US hedge fund in battle to control Kenyan cloud storage firm

BSP Fund, British national Ripduman Sohan, American Miguel Granier, and Kenya's Erik Hersman (above) and Riyaz Bachani have sued Phares Kariuki, Brian Muita and Aaron Mbowa as they seek to retain control of Angani. PHOTO | DIANA NGILA | NMG

What you need to know:

  • BSP Fund, British national Ripduman Sohan, American Miguel Granier, and Kenya-based Eric Hersman and Riyaz Bachani have sued locals Phares Kariuki, Brian Muita and Aaron Mbowa as they seek to retain control of Angani.
  • The foreign shareholders claim that Mr Kariuki and Mr Muita are former senior officials of Angani who have refused to relinquish control of the firm alongside Mr Mbowa whom they say was “accidentally” appointed to the Board of Directors.
  • The row has revealed Angani’s ownership structure. BSP is listed as the largest investor with 2,619 shares. Mssrs Muita, Kariuki, Sohan and Bachani each have 2,000 shares.

A bitter ownership battle has emerged among cloud data storage firm Angani Limited’s shareholders pitting American hedge fund BSP, former Google policy manager for Africa Ory Okolloh and 14 other local and foreign individuals and companies.

BSP Fund, British national Ripduman Sohan, American Miguel Granier, and Kenya-based Erik Hersman and Riyaz Bachani have sued locals Phares Kariuki, Brian Muita and Aaron Mbowa as they seek to retain control of Angani.

The foreign shareholders claim that Mr Kariuki and Mr Muita are former senior officials of Angani who have refused to relinquish control of the firm alongside Mr Mbowa whom they say was “accidentally” appointed to the Board of Directors.

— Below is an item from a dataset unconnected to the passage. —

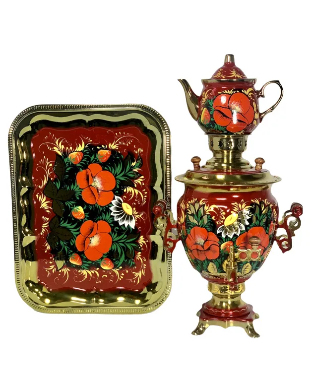 Самовар электрический 3 л в наборе, Маки с ромашкой на красном фоне, желудь

The three Kenyan IT specialists have denied ever being ousted from the board, and insist that the foreign shareholders are attempting a coup.

The row has revealed Angani’s ownership structure. BSP is listed as the largest investor with 2,619 shares. Mssrs Muita, Kariuki, Sohan and Bachani each have 2,000 shares.

Others are Mr Mbowa (500 shares), Mr Africa’s Talking (476 shares), Savannah Fund (238 shares), Emmanuel Kala (200 shares), Africa Angels Network (191 shares), Ms Okolloh (110 shares), Samuel Gikandi (100 shares), Eston Kimani (100 shares) and Pule Taukabong (40 shares).

“Mr Mbowa is an accidental director in that he was accidentally appointed to Angani’s Board and had agreed with his fellow directors that he would rectify the error and resign from the Board; to date he has failed to do so. The defendants jeopardized Angani’s operations, resulting in inability to service its clients thereby exposing it to potential liabilities,” BSP says.

BSP now claims that despite voluntarily leaving Angani in October, 2015 Mr Kariuki, Mr Muita and Mr Mbowa have refused to relinquish passwords to the cloud data storage firm’s technical platform, and have sabotaged operations.

The American hedge fund holds that the trio operates a competing firm, Node Africa Limited.

But the three local IT specialists insist that they have never sabotaged Angani, which remains the intellectual property of Mr Muita.

They claim that Mr Bachani hired hackers to interfere with the technical platform, after BSP and the other plaintiffs failed to pay Mr Muita for it.

Editor's note: This story has been edited to include responses filed in court by Mr Kariuki, Mr Muita and Mr Mbowa. The headline has also been edited to remove Ory Okolloh, a shareholder of Angani Limited. Ory’s picture has been replaced by that of Erik Hersman to illustrate the story.